Alle Personen in diesem Buch sind frei erfunden, genauso wie die ganze Fantasy-Geschichte. Coralee gehört zum Dunklen Hof der Feen und benimmt sich entsprechend. Sie fährt eine pinkfarbene Harley, hat nichts gegen eine handfeste Rauferei (sowohl in einer Bar als auch im Bett), trinkt, flucht, betrügt, zaubert, was immer ihr in den Kram passt, und betrachtet Menschen bestenfalls als nervig. Es gibt nur zwei Dinge in der Menschenwelt, die sie wirklich liebt: anderen einen Streich zu spielen und einen sexy Mann für die Nacht
Wer Coralee noch nicht kennt, findet im Anhang des Buches einige zusätzliche Informationen zu ihr und ihrer Welt.

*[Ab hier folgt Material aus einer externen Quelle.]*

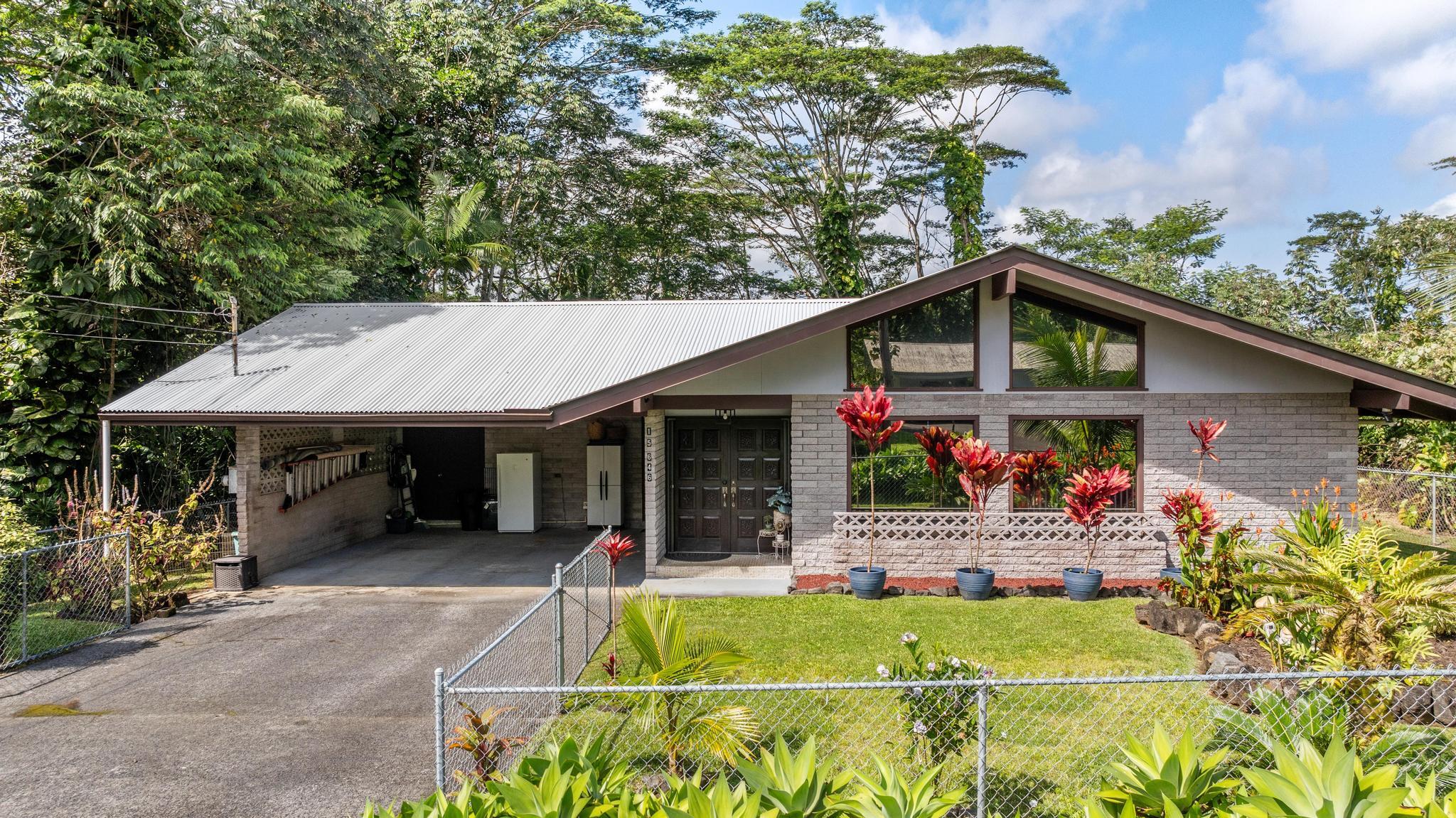 The outdoor space has also been transformed. Rich topsoil was hauled in, the yard was landscapped featuring towering palms and native flora, and a stunning "Big Island" shaped garden was created - a breathtaking tribute to the Island of Hawaii! Surrounded by jungle, with no neighbors on either side, and fully fenced with a brand new chain link fence, this property is both private and secure.

Ein äußerst merkwürdiger Fall
Es klingelte. Meine Finger erstarrten über dem Gamepad. Musste das jetzt sein? Ausgerechnet im schwierigsten Level des Jahrhunderts! Der Endgegner hatte nur noch drei Lebenspunkte – drei mickrige Punkte nach zwei Stunden erbittertem Kampf! Und jetzt das. Außerdem, es war drei Uhr nachts! Für die Post war es zu spät, und Pizza hatte auch niemand bestellt. Erlaubte sich jemand einen Scherz?
Es klingelte erneut. Hartnäckiger Mistkerl, wer auch immer das war. Irgendwie hatte ich den Eindruck, dass der Klingeltyp keine Ruhe geben würde, und mein perfekter Lauf war eh schon im Eimer. Widerwillig legte ich also das Gamepad weg und machte mich auf den Weg ins Untergeschoss.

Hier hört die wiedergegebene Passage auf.